Hang in there! The rain will come and you'll be better prepared to hold onto it!
4 months ago
Thanks for the photo journal!

Nice work! I didn't know that covering plants in a greenhouse was helpful. Good to know.

I've wondered about earth-sheltered greenhouses in our climate - I can't find anyone who grows successfully like that. Or maybe they don't think it's worth the expense/hassle since we have so many growing months.
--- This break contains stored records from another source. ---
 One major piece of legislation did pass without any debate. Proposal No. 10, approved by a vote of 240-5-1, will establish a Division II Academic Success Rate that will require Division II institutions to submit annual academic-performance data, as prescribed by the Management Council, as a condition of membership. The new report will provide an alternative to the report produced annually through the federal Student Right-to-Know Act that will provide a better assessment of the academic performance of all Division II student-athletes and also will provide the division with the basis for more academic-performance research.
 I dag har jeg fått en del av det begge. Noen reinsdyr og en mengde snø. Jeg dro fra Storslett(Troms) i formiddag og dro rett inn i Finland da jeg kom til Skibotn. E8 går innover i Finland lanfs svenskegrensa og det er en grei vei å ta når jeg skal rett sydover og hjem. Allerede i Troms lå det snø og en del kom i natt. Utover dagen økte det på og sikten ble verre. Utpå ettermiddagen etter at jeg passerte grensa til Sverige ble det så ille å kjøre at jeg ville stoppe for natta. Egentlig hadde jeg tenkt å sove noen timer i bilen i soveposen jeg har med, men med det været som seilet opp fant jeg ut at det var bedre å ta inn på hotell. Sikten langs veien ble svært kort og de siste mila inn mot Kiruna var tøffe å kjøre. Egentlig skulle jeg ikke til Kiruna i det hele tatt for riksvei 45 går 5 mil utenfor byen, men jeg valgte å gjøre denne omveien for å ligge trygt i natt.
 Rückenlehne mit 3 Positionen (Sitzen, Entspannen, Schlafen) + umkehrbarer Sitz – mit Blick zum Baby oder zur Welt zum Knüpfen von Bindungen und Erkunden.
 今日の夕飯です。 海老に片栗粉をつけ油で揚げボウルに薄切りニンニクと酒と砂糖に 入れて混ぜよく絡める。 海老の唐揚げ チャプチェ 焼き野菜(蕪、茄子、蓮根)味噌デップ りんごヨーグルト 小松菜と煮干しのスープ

I'm also wondering about using rocks as a thermal battery for winter protection without a greenhouse - there's a development nearby that has HUGE excavated rocks I wonder if I can get. We have a mini-ex to move them around. I'm trying to see how much Sepp Holzer-style microclimate stuff I can do just to bump little parts of my zone 8a place to 9. I think perhaps I could do a slightly curved south-facing rock wall with passion vines on trellises covering it during our hot summers so my citrus and banana, etc. won't get scorched, then in winter, cut the vines down. Hmm. Timing would be interesting. Would the vines grow tall/thick enough before the sun gets too hot? I'm very excited to try this experiment. Even without those huge rocks, I could get enough rocks from our own place for an experiment, esp. if I dig to make some Holzer-style crater gardens.
4 months ago
Gorgeous piece of land, reminds me of Sepp Holzer's, a lot of things going for it. Congrats on getting started! So much stuff will grow there. Re: fire mitigation - I think that's just going to take time, and there's a trade-off. But your initial plan (garden, pond) sounds good. A pond above your home site could also be useful, maybe with the spillway meandering and eventually feeding your lower pond. For me, I am trying to keep my earth covered, so that means during dry spells my cover is dry and tallish and not great if a fire happens. So some praying is involved Enjoy your amazing journey.
4 months ago
Thanks for the update!

That water flowing over the rocks is so beautiful! The addition of little ponds along the way sounds also beautiful! My permaculture earthworks guy said it wasn't worth doing more ponds on our property except maybe a little one for fun near the house. I would love ponds feeding into each other but I will be content with my rather large run-off pond and the berms/swales he put in.